Wishful Drinking plays more as a calculated and wry stand-up routine, where the success hinges as much on Fisher's ability to break down the wall between herself and the audience and turn a huge theater into an intimate performance space as it does on the material that is her roller-coaster life.
This public forum for her unabashed attitude toward her tabloid-chronicled past could well be a personal coping mechanism scripted and staged for monetary gain, but she provides the audience some refreshing transparency into the celebrity psyche. More importantly, she delivers her unapologetic discourse with the sincerity of a close friend.

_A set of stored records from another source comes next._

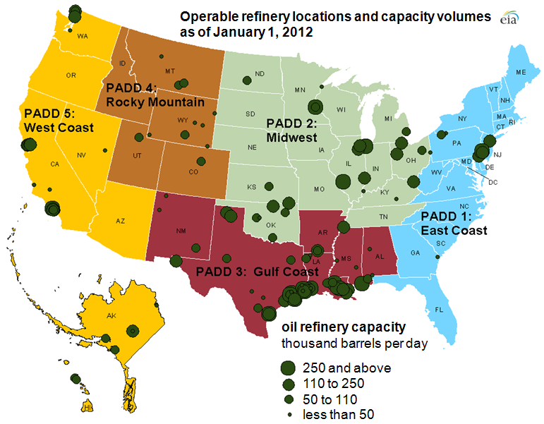 Chevron Richmond is just one of 132 operable oil refineries in the U.S., which collectively can refine over 18 million barrels of crude oil each day. The location of these refineries is highly concentrated: most of them are on the Gulf Coast of Texas and Louisiana, with other clusters in New Jersey, the Midwest, and in California.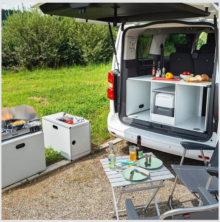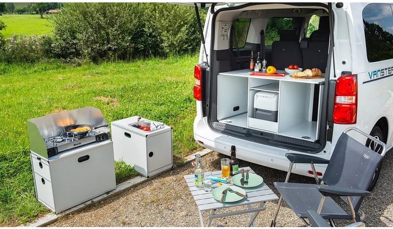 Vine cu elemente practice extensibile. Plite cu 2 arzătoare și chiuvetă. Sistemul de cutii ușor de introdus transferabil transformă fiecare VANSTER în autorulota perfectă în cel mai scurt timp.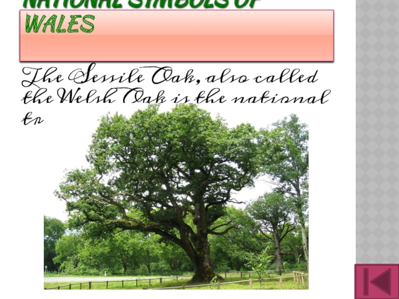 Слайд 14The Sessile Oak, also called the Welsh Oak is the national
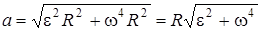 Тангенциальное и нормальное ускорения точки вращающегося тела выражаются формулами: а t = e R,(2) a n = w 2 R, (3) где w - угловая скорость тела; e - его угловое ускорение; R - расстояние точки от оси вращения. Подставляя формулы (2) и (3) в (1), находим
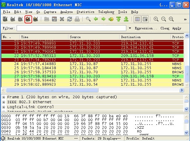 现在已经在抓包,抓包结束,后点击上图中红框的按钮停止抓包。这样我们就抓到了数据包。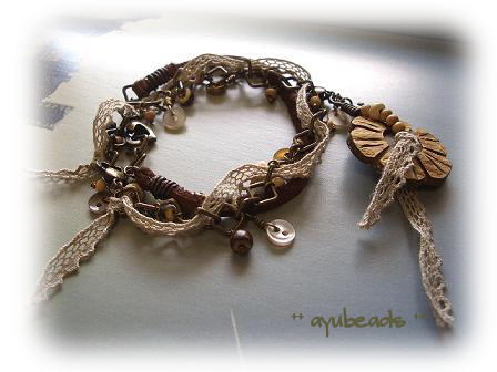 ダークブラウン、パープル、グリーンのウッドビーズに巻きつけたレースが可愛らしさをプラスしてくれています。その間にはカラフルなボタン達 秋色を意識してちょっとだけ遊び心のあるブレスレットですv このブレスレットはshopにてお買い求めいただけます。shopの入り口は↑こちら。 ←応援ポッチお願いします。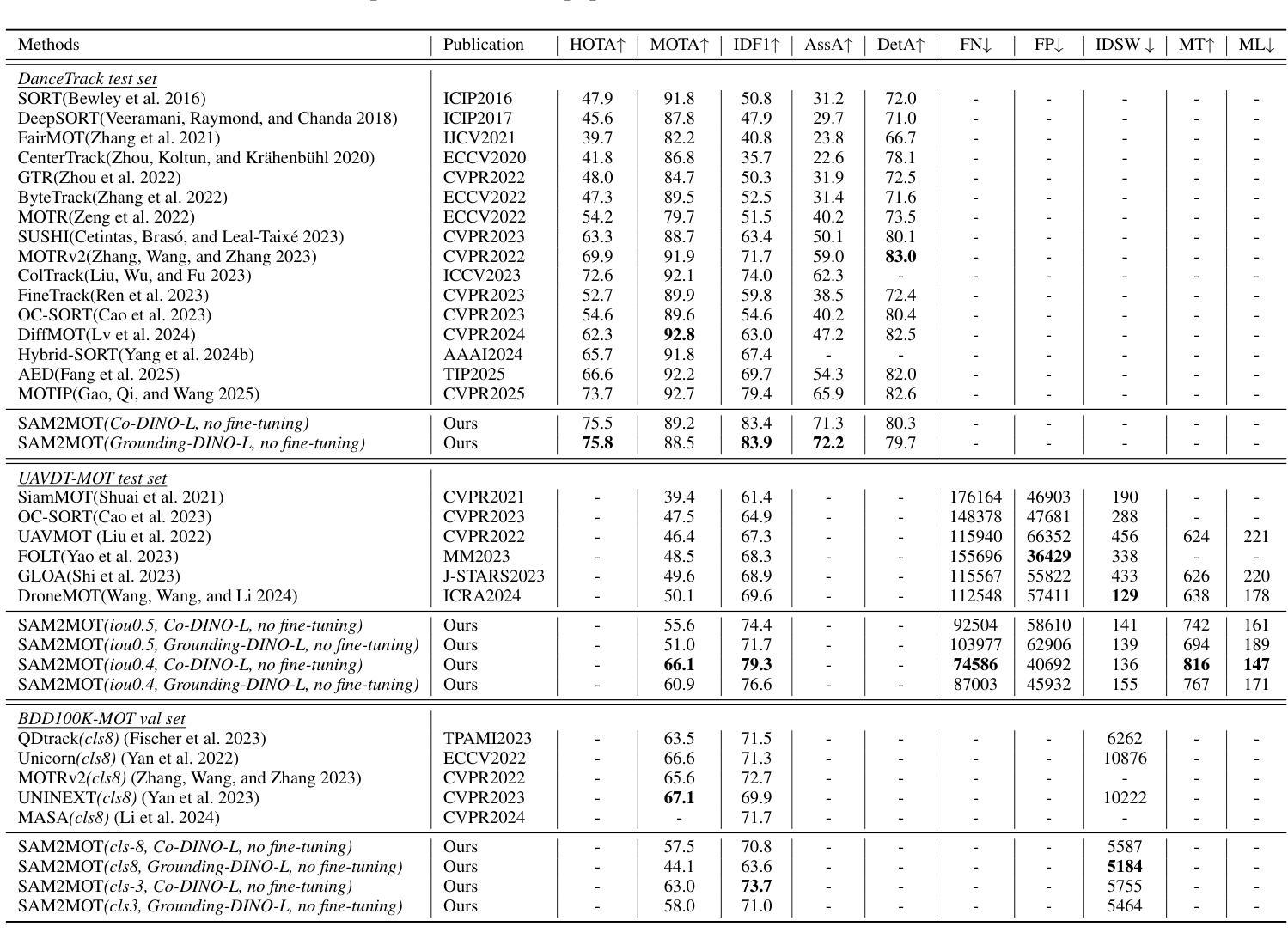 - SAM2MOT有效应对误报和遮挡等跟踪过程中的常见挑战。

Fisher touches on the whole gamut from her rehab and mental institution stints to the scandalous romances of her parents Eddie Fisher and Debbie Reynolds to her own love life including relationships with legendary songwriter Paul Simon and Bryan Lourd, who gave Fisher her daughter Billie and announced he was gay. She carries a commendable sense of humor through each and every topic and drives home the point of "How could anyone not?"
For all the self-mockery, however, Fisher tastefully indulges her fans through a number of Star Wars bits. As she also shares with the audience, when you're stuck with an image or label, you wear it proudly, even if wearing it literally means a cinnamon-bun braided hairdo. Of course as much as she appeases the audience with Leia routine, she can't help but make fun of the acting deficiencies and naivety of her then-19-year-old self. With abundant sarcasm she jabs at George Lucas and thanks him for the countless self-image problems that come with being immortalized as a geek sex symbol. As with the rest of her act, it shows how age tears at celebrity, but with it comes a seasoned knowledge and the perspective necessary to cope.

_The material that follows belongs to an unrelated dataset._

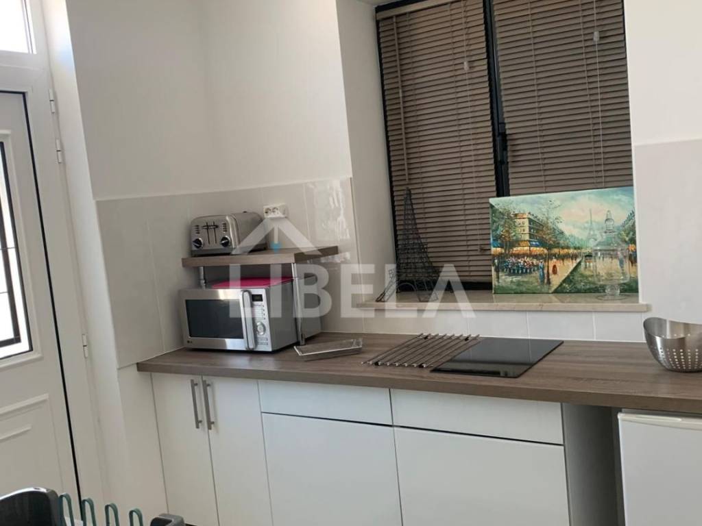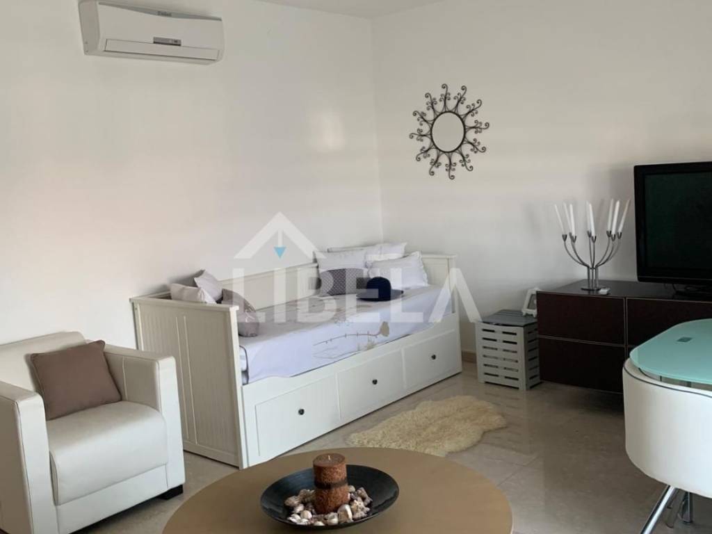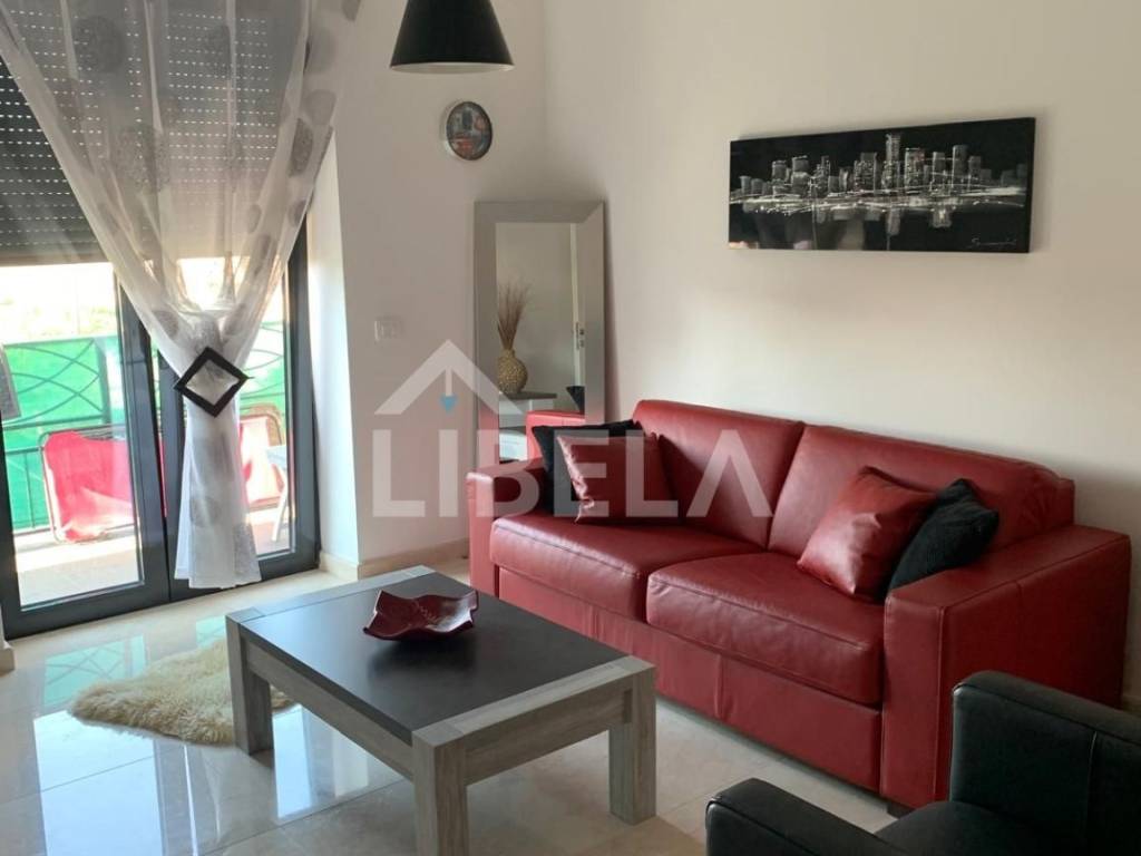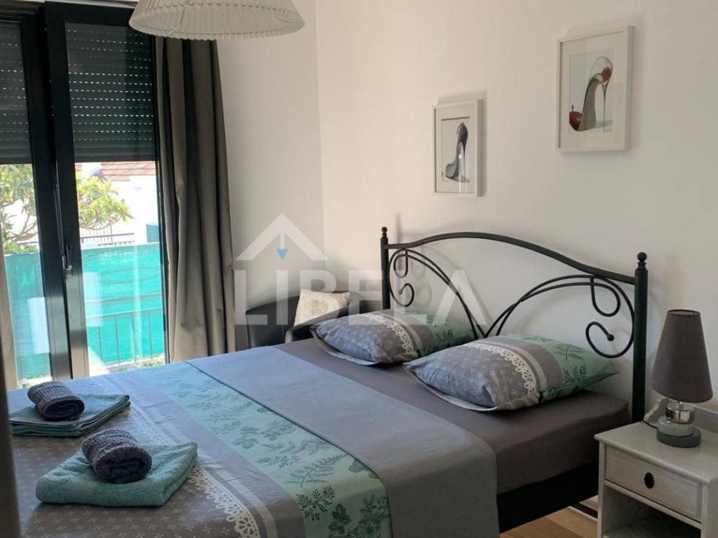 Apartman je potpuno namješten i opremljen kvalitetnim namještajem i aparatima Sastoji se od ulaznog prostora, dvije kuhinje i dvije kupaonice, tri spavaće sobe, dnevnog boravka i dvije terase -jjjednaje površine 27 m2 i na nju se izlazi iz spavaćih soba, a druga je površine 20 m2, natkrivena pergolom i na nju se izlazi iz kuhinje.

Wishful Drinking aims to be a crowd-pleaser that Fisher supplements with terrific wit and a great measure of insight that for all her issues reminds us this was the woman who wrote Postcards from the Edge among other books. Her life might have been a mess, but few of today's tabloid magnets have half her wit or self-awareness.
So while her glimpse behind the celebrity curtain might be dated in terms of material, given the exposure of today's high-profile Hollywood figures and consequently the extra shroud of privacy and PR spin, for anyone who has lived that experience to come out and present it in such a way that doesn't talk down to its audience feels like a real treat. Fisher might be laughing at herself, but we're laughing with her.